▶ _WHAT YOU ARE ASKED TO DO_
Below are the records; repeat exactly their lines between the line holding "2階のテーブル席に案内しても" and the line holding "緑橋を北に向かい足利公園入り口を東へ右折、突きあたりにあります", inclusive, skipping the pictures.

▶ _DATA FOR ANALYSIS_
------------------------
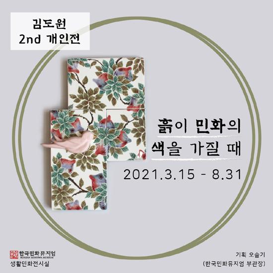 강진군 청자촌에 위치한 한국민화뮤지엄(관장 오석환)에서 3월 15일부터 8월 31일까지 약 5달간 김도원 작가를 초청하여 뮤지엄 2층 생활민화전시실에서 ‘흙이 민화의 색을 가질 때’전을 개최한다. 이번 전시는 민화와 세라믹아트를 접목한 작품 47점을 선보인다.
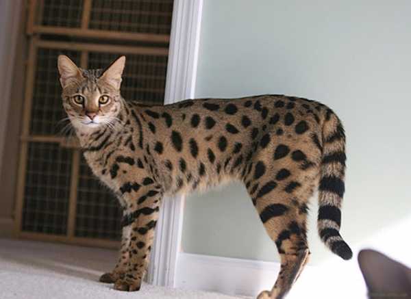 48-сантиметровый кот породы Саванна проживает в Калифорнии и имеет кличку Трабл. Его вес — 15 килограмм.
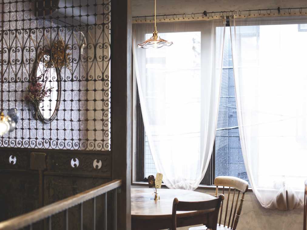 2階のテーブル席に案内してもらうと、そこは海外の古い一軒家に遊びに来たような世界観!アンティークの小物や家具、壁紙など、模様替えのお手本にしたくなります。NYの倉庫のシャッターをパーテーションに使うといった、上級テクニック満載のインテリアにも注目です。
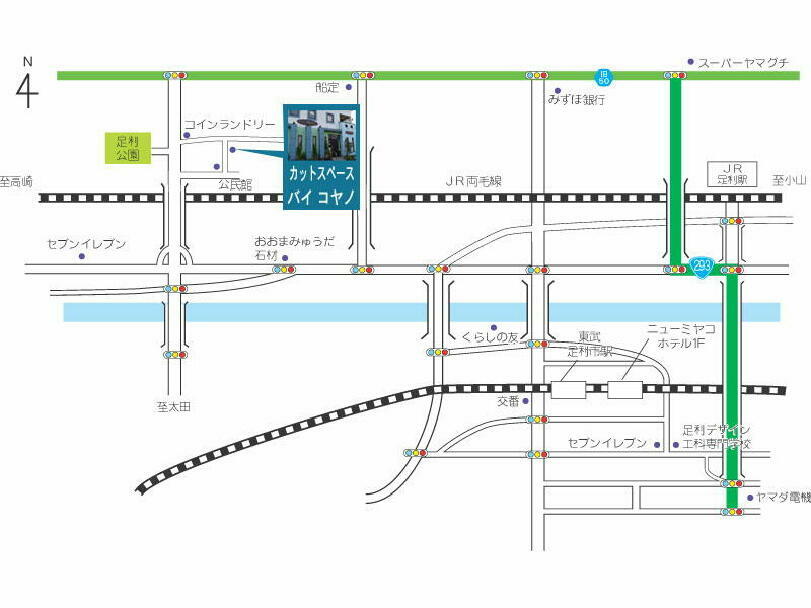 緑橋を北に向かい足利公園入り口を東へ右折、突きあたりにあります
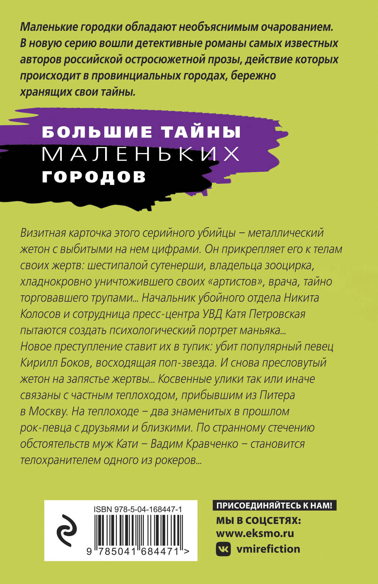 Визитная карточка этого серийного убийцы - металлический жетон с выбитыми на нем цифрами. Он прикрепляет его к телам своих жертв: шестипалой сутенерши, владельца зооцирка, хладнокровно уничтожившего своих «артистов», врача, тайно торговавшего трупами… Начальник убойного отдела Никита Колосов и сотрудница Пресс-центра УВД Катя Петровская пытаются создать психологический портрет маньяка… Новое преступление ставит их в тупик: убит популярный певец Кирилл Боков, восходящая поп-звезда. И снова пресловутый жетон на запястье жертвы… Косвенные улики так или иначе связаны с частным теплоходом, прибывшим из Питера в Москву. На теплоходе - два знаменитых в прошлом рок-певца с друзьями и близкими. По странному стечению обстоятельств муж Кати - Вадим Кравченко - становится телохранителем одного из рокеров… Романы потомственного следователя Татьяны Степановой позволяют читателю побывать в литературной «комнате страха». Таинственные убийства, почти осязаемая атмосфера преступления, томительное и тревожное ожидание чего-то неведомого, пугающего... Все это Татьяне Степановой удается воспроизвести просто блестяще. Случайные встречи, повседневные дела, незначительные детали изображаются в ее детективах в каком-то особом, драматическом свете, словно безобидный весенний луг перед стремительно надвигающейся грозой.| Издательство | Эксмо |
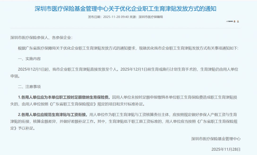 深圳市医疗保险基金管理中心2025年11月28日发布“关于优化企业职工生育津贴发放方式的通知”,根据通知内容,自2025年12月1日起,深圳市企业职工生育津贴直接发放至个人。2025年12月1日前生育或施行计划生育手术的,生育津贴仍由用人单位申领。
------------------------
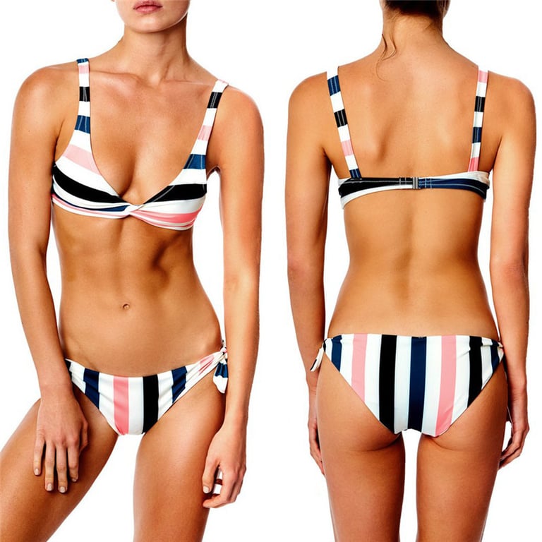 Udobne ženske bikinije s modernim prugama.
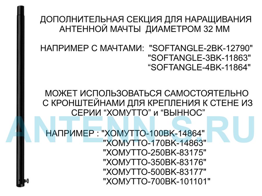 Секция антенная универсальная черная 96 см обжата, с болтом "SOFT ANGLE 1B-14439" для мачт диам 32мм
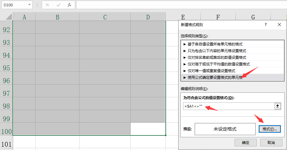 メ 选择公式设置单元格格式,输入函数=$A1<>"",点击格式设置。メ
------------------------
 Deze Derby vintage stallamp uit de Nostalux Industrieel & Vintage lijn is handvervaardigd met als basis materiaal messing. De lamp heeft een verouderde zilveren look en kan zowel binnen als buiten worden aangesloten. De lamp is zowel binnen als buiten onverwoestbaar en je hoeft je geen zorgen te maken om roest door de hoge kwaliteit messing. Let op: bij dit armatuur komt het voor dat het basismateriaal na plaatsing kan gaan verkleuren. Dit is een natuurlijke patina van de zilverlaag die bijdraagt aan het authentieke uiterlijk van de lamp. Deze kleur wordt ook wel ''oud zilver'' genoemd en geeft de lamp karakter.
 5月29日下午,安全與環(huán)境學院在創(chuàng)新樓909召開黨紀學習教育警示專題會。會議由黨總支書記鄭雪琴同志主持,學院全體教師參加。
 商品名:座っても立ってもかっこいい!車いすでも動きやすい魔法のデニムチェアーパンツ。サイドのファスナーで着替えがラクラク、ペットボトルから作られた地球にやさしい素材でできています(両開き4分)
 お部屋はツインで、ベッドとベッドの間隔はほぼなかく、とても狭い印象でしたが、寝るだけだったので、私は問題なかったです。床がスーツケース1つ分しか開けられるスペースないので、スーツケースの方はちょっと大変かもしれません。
------------------------
▶ _SOLUTION_
 2階のテーブル席に案内してもらうと、そこは海外の古い一軒家に遊びに来たような世界観!アンティークの小物や家具、壁紙など、模様替えのお手本にしたくなります。NYの倉庫のシャッターをパーテーションに使うといった、上級テクニック満載のインテリアにも注目です。
 緑橋を北に向かい足利公園入り口を東へ右折、突きあたりにあります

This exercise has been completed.